Подсознательно мы делим врагов на съедобных и несъедобных.
«Пшекруй
– Слепой оборотень как-то сказал мне, что никто не измерил силы людской крови, – хмыкнул Каванах. – Кто знает, может, он был прав?
– И еще, – жестко усмехнулась маркиза Сартейн, – пару слов о «глуповатом минотавре, которому повезло».
– Да?
– Я бы на твоем месте навсегда избавилась от лазутчика, посмевшего доложить тебе подобную чушь. Сей минотавр, имя которому Такангор, представляет для нас отдельный интерес.

* * *
Проснувшись поутру в решительном и твердом расположении духа, Зелг понял, что обязан сделать что-нибудь значительное. Коль уж судьба распорядилась таким образом, что жизнь его может закончиться в каком-то диком Липолесье спустя несколько дней, нужно совершить необычайный поступок, принести пользу обществу, оставить после себя память на долгие годы. Войти героем в историю Кассарии, наконец.
Перебрав в уме несколько возможных подвигов, герцог остановился на самом внушительном. И полез на подоконник – измерять длину штор.
Спустя несколько минут он уже был на конюшне. Самолично оседлал коня и отправился в Виззл, в известный на всю округу магазинчик «Лоскутки», где продавались самые разнообразные ткани. Знатоки поговаривали, что кабы тиронгийские модницы так не боялись умертвий и оборотней, то их силком нельзя было бы отсюда вытащить, ибо выбор товаров тут действительно впечатлял.
Герцог мечтал приобрести для своей спальни ткань с каким-нибудь нейтрально-милосердным рисунком, вроде бабочек, пчелок или трогательных резвящихся зверушек на успокаивающем голубом либо зеленом фоне.
Как выразился бы по этому поводу Агапий Лилипупс, герцог хотел «одним зайцем убить сразу всех» – то есть купить новые занавески и заодно приободрить своих подданных, внушить им немного стойкости и оптимизма перед грядущими испытаниями. Однако выяснилось, что внушать в Виззле стойкость и оптимизм некому, а вернее – незачем.

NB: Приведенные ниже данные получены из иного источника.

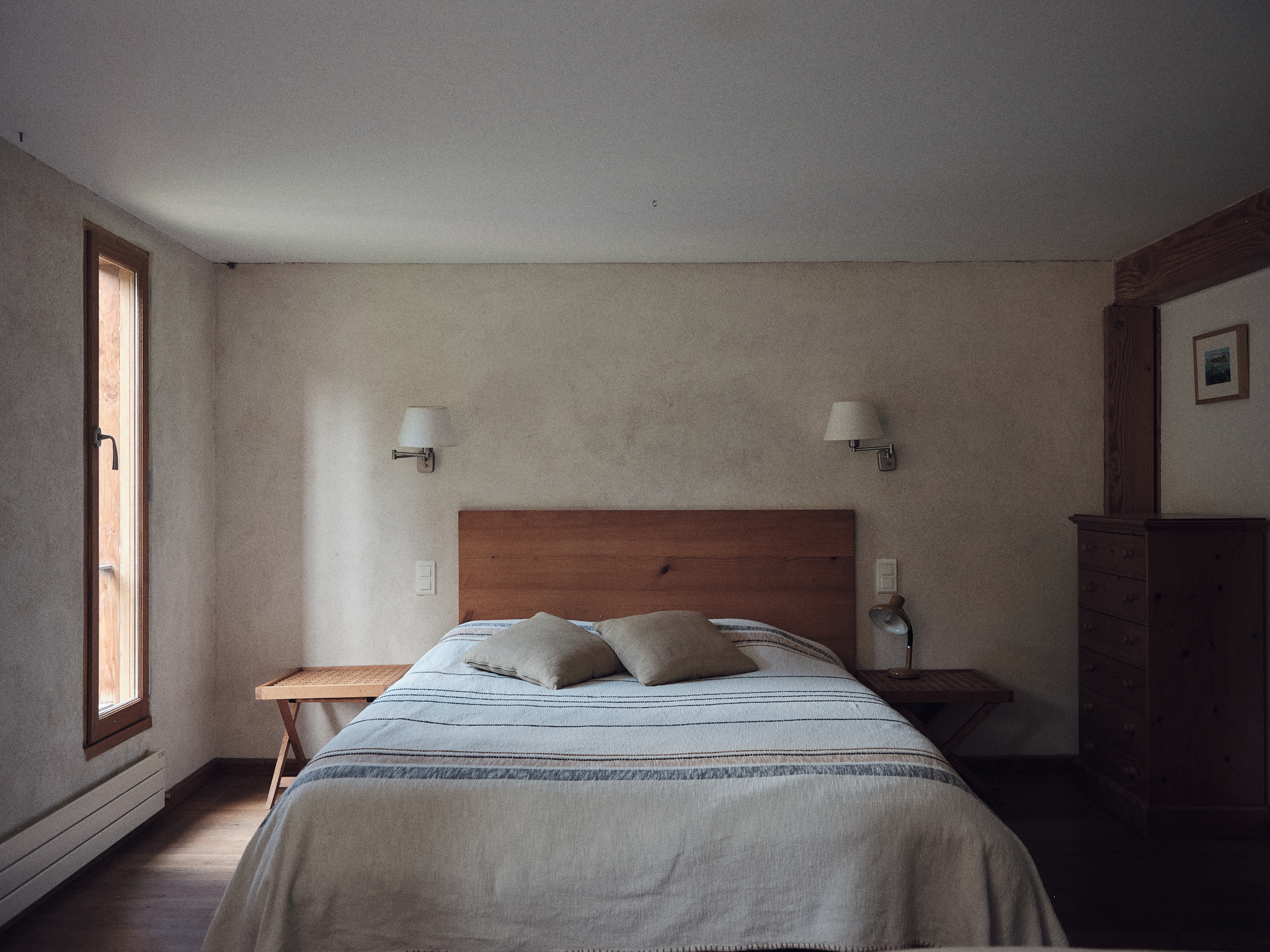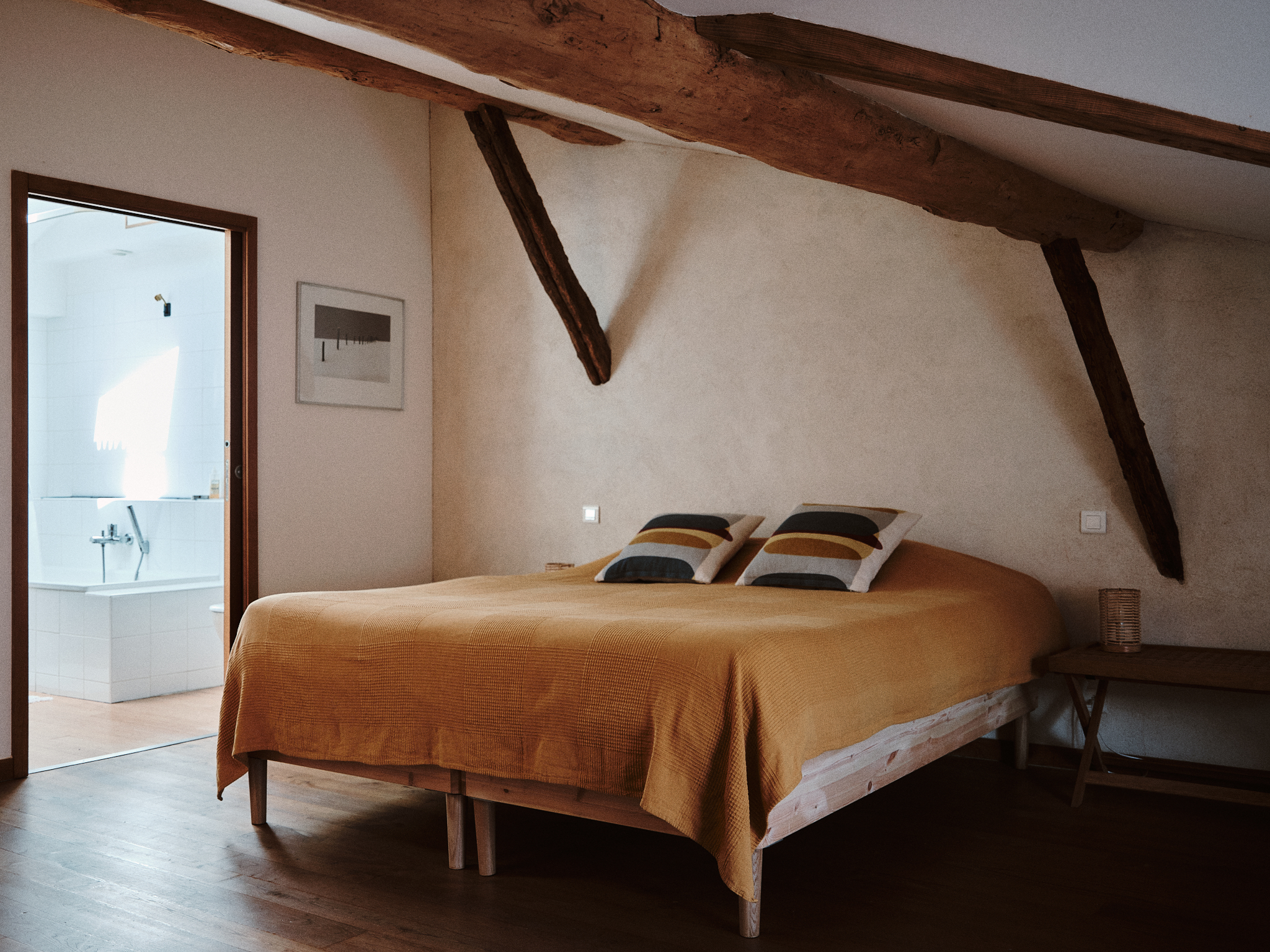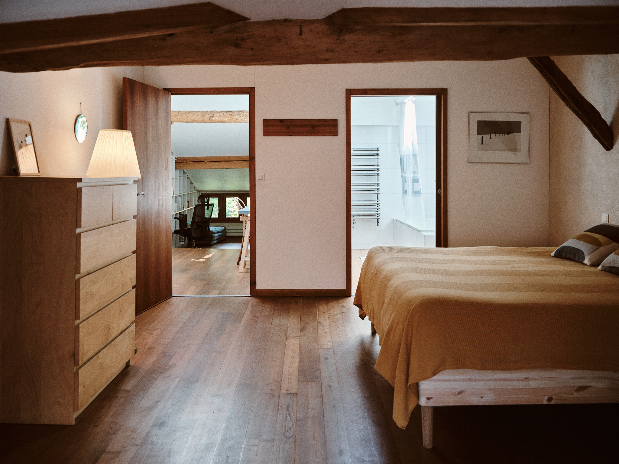 Dos bonitas habitaciones abuhardilladas componen la planta superior. Una zona infantil con biblioteca, TV y dos camas individuales se abre a una zona de estudio. Una habitación independiente con 4 camas individuales (que pueden organizarse en una cama king-size (180 cm) y 2 camas individuales) da acceso a un segundo cuarto de baño y wc.

Пережив один неприятный день после объявления войны и слегка погоревав, как того требуют приличия от всякого здравомыслящего существа, граждане Кассарии решили, что этого вполне достаточно и уже никто не посмеет упрекнуть их в легкомысленном отношении к происходящему. Потому, когда Зелг все еще терзался и скорбел в своих покоях, усугубляя душевные муки созерцанием жутких шпалер, Виззл зажил прежней жизнью.

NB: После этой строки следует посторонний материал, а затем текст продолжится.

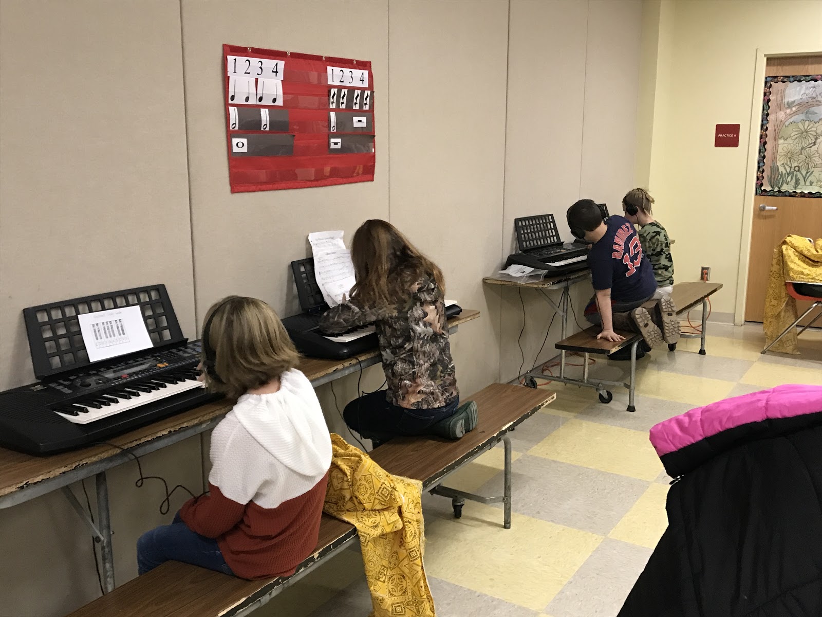Fifth-grade students at the James Bean School have been given the opportunity to extend their classroom learning of the keyboards. Mrs. Paradis has opened up the music room to students from 2:30-3:00pm to work on music from their self-paced binder of songs. There have been anywhere from a handful to a roomful of students on any given day. These students have also been teaching each other songs of their choosing, such as Beethoven’s ‘Fur Elise’ and The Addams Family Theme song. Mrs. Paradis is happy to have such self-motivated students!

Молодой герцог шел по многолюдным улицам, мимо переполненной харчевни и магазинчиков, в которых толпились покупатели, мимо цветущих садиков, в которых с упоением что-то подстригали, выщипывали и дергали трудолюбивые пейзанки, мимо шумных стаек резвящейся детворы – и не верил своим глазам.

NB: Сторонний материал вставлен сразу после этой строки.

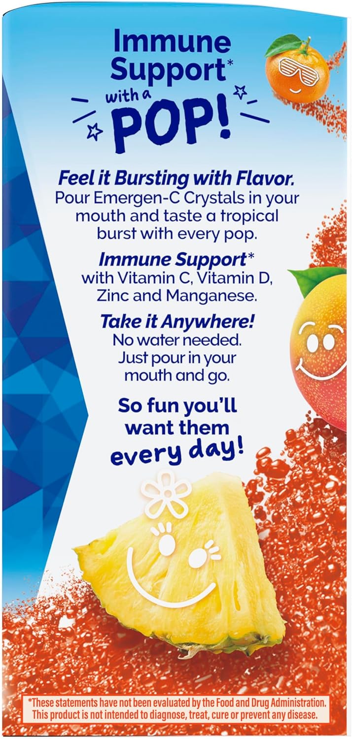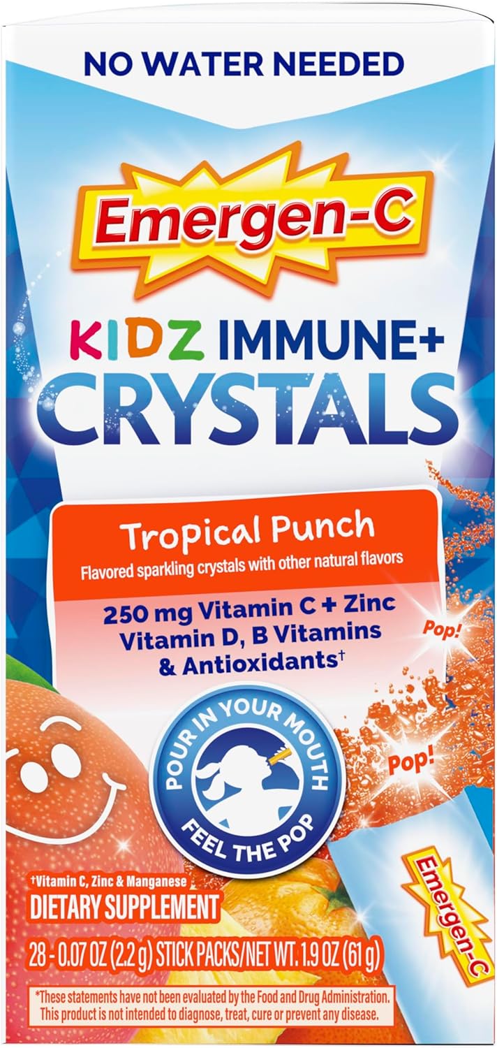Emergen-C Kidz Immune+ Crystals are your on-the-go solution to fortified immune support for kids! (1) Our immune support formula is enhanced with vitamin D for when you feel you need extra immune support. (1) Packed with essential nutrients and deliciously crafted in a Tropical Punch flavor, these convenient stick packs bring you the ultimate immune supporting experience. Immune Support with 250mg of Vitamin C as well as other antioxidants, zinc, and manganese, and Vitamin D to support your immune system. (1) They are infused with vitamins B6 and B12 to help enhance energy naturally. (1) It’s a comprehensive blend that caters to your immune and energy needs in one easy-to-carry pack. Forget the hassle of water – our crystals are designed for an instant rip-and-pour action directly into your mouth. Designed to fit seamlessly into your pocket, bag, or car, Emergen-C Kidz Immune+ Crystals are your compact companions for those busy days. Because a healthy immune system should be as easy as a rip, pour, and pop! (1) These statements have not been evaluated by the Food and Drug Administration. These products are not intended to diagnose, treat, cure, or prevent any disease.
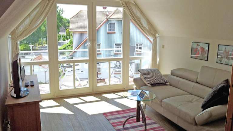 Die Unterkunft befindet sich in Zingst, etwa 400 Meter vom Strand entfernt. Die Umgebung bietet Sehenswürdigkeiten wie den Stralsunder Hafen und das alte Rathaus, beide in einer Entfernung von etwa 44 bis 45 km. Der nächstgelegene Flughafen ist Rostock-Laage, rund 94 km entfernt.
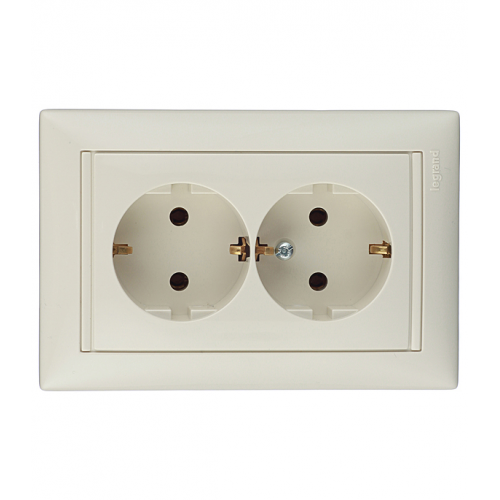 Розетка с рамкой Legrand Valena 695616 двойная скрытая установка слоновая кость с заземлением
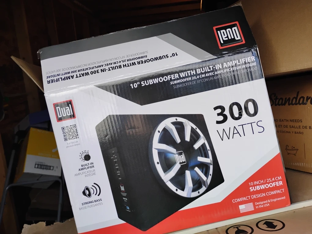 Selling a Dual 10" subwoofer with a built-in amplifier. The box indicates it delivers 300 watts and has strong bass. It's a compact design engineered in the USA. Perfect for adding some extra thump to your car's audio system
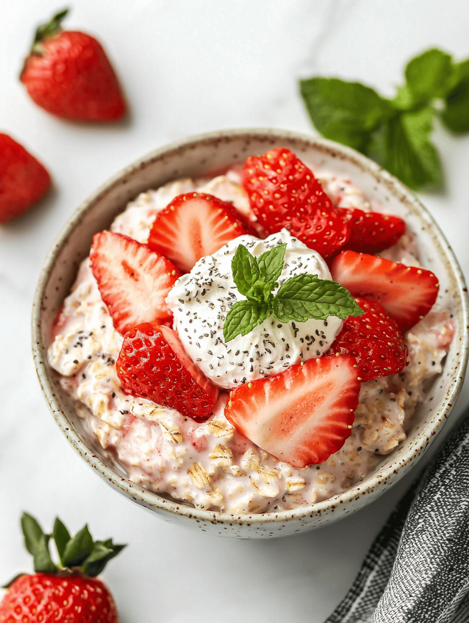 Morning Magic: Strawberry Cheesecake Overnight Oats with a Twist of Nostalgia
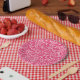 Paper plates in an Art Nouveau pattern of flowers, oak branches and leaves, based on a vintage William Morris textile design, digitally enhanced and coloured in deep fuchsia pink on a soft pastel pink background
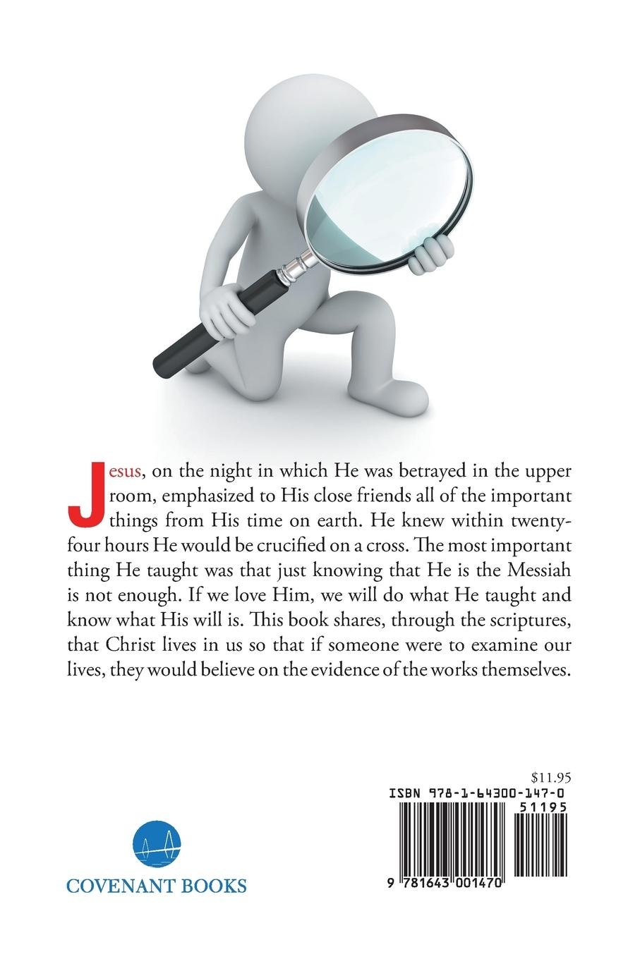 Jesus, on the night in which He was betrayed in the upper room, emphasized to His close friends all of the important things from His time on earth. He knew within twenty-four hours He would be crucified on a cross. The most important thing He taught was that just knowing that He is the Messiah is not enough. If we love Him, we will do what He taught and know what His will is. This book shares, through the scriptures, that Christ lives in us so that if someone were to examine our lives, they would believe on the evidence of the works themselves.
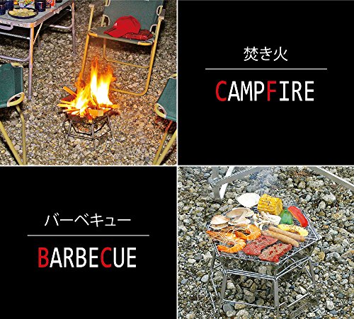 コンパクトなバーベキューコンロ、グリルとして使える使い方の豊富な焚き火台です。人気のV型で組み立て方が非常に簡単です。サイズは235×185×高さ210mmと非常に小さいためソロキャンプでなおかつ自転車やバイクツーリングに向いています。編みや五徳が付いてきて焚き火と一緒に料理するを楽しめて価格も安いということで非常に高く評価されています。収納時は310×210×40mmと薄く携帯性が高いです。

Из трубы над кузницей Альгерса валил черный жирный дым, оттуда доносились звонкие удары о наковальню, а над воротами висела табличка: «Суперстойкие доспехи и универсальное оружие, обработанное взглядом Горгоны. Предложение действительно только до сражения в Липолесье».
Сам кузнец, закопченный, как любимая сковорода усердной поварихи, фыркал у колодца, обливаясь холодной водой. Судя по всему, работы у него хватало.
На окраине, в тени дубов, усердно тренировались шеннанзинцы и воины «Великой Тякюсении».
В харчевне «На посошок» Зелгу несказанно обрадовались все – и хозяин, и посетители. Гописса, со словами «Ешьте, пейте, вам такого в замке не приготовят», подал ему запотевший кувшин своего знаменитого сидра и уставил стол блюдами и тарелками с теплыми, воздушными, тающими во рту булочками и крендельками. Тут же кто-то предложил тост «За великих Кассаров», и все его поддержали, а Зелг засмущался.
Выпечка Гописсы отличалась одним любопытным свойством: ты принимался за еду вне зависимости от того, голоден или сыт. Так и герцог не смог оторваться от угощения и уписывал за обе щеки под отеческим взглядом хозяина.
– Слыхали последние новости? – спросил тот, когда решил, что мессир Зелг заморил червячка и теперь способен к осмысленной беседе.
– Какие именно? – уточнил осторожный Зелг.
Вроде бы сегодня утром гном-секретарь Холгар – редкостный буквоед и зануда – сделал ему доклад о последних событиях в стране и мире, так или иначе затрагивающих интересы Кассарии, но практика показывала, что жизнь полна сюрпризов и почти все они заботливо припасены для одного-единственного некроманта.
– Вчера в наших краях появилась любопытнейшая особа минотаврского происхождения.
Зелг поперхнулся.
Такангора он любил и почитал, но даже представить не мог, как вынесет еще одного минотавра. Затем ему почудилось, что это прибыла с визитом мадам Мунемея Топотан, легендарное имя которой с легкой руки ее сына знали уже и за пределами Тиронги, и он побледнел как простыня.
Если свести в одном месте сурового Такангора, решительного Лилипупса и властную Мунемею, остальным разумнее сразу удариться в бега.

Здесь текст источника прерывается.